News  |  By Philip Betbeze  
   September 07, 2016

Prudent healthcare executives and boards are busily rethinking the size, composition, and focus of their governing bodies.

This article first appeared in the September 2016 issue of HealthLeaders magazine.

Upheaval characterizes the business of healthcare over the past few years. Roughly since the passage of the Patient Protection and Affordable Care Act in 2010, executives and boards have slowly recognized the reality that healthcare spending will not remain an ever-growing pie where the size of your slice depends on the volume of procedures and admissions you can generate. The timing of when and how extensively that change comes varies by market, but just as executives have to change focus and dive into areas that are unfamiliar, so also do boards have to adapt to sweeping change.

Because of consolidation in the healthcare industry, many organizations have found it necessary to reduce the size of their board or eliminate some legacy boards altogether.
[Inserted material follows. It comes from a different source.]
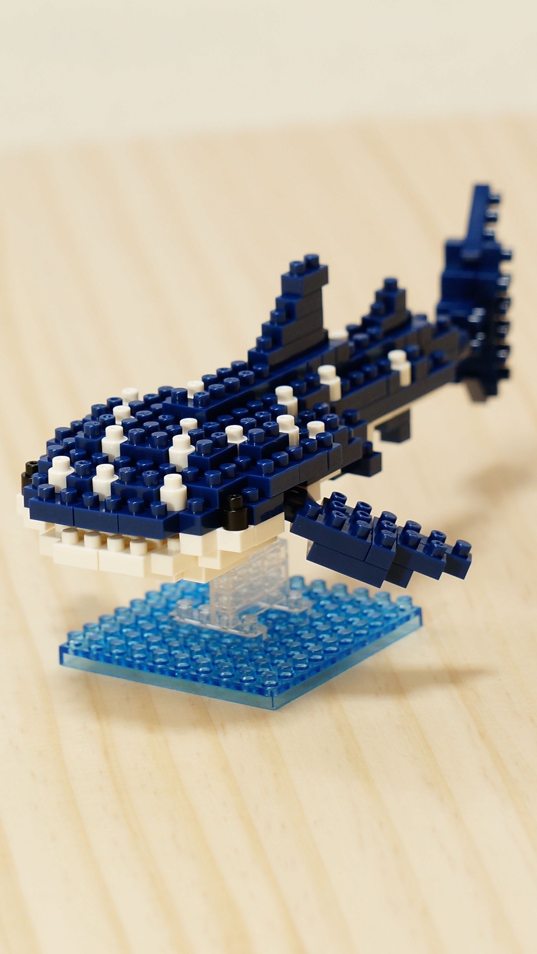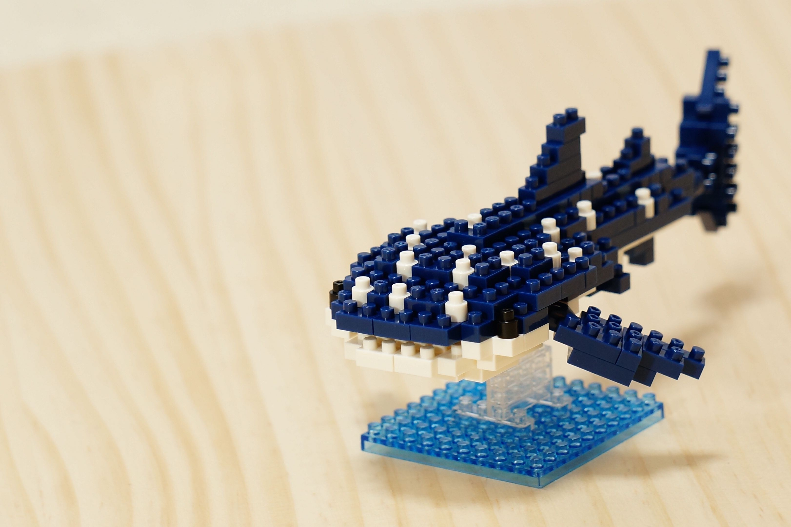 ナノブロックのジンベエザメです。 本物のジンベエザメはとても大きくて優雅ですが、ブロックにすると可愛くなりますね。

Some committees are also fair game for elimination or reorganization due to shifts in priorities. At the same time, boards are being pushed to take a more active role in corporate affairs. As the need grows to streamline corporate structure, so it also grows to streamline board structures to ensure the organization's processes are as efficient as possible. This requires not only eliminating duplicative committees, but also redefining the expertise boards need, and perhaps even reducing some seats.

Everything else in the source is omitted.